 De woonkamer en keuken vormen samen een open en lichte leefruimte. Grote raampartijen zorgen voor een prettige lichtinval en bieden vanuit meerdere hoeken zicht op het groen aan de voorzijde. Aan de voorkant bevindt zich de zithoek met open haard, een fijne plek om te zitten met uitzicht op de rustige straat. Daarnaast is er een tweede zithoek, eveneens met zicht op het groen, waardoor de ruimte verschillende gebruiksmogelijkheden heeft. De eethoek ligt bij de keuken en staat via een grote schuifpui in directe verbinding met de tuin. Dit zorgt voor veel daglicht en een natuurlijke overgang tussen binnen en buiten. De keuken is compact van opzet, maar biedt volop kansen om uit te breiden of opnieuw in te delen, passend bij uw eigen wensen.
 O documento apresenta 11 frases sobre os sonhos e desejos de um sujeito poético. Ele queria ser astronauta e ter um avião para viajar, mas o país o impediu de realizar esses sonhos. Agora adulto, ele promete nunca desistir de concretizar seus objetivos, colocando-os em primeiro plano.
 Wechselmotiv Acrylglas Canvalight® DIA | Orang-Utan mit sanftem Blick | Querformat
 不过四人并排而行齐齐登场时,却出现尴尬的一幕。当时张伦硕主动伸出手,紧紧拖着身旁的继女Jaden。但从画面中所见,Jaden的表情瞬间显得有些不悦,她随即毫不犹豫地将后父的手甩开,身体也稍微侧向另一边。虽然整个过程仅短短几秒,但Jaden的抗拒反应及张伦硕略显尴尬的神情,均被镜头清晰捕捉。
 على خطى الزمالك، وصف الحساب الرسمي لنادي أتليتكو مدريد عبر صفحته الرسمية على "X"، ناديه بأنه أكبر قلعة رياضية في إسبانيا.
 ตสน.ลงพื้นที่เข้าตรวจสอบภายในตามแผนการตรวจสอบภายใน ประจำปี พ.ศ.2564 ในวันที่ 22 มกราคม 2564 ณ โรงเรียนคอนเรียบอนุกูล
• • •
● TASK TO COMPLETE:
Beginning at the line that holds "على خطى الزمالك،", reproduce each line of the records above down to and including the last one.

● ANSWER SPACE:
 على خطى الزمالك، وصف الحساب الرسمي لنادي أتليتكو مدريد عبر صفحته الرسمية على "X"، ناديه بأنه أكبر قلعة رياضية في إسبانيا.
 ตสน.ลงพื้นที่เข้าตรวจสอบภายในตามแผนการตรวจสอบภายใน ประจำปี พ.ศ.2564 ในวันที่ 22 มกราคม 2564 ณ โรงเรียนคอนเรียบอนุกูล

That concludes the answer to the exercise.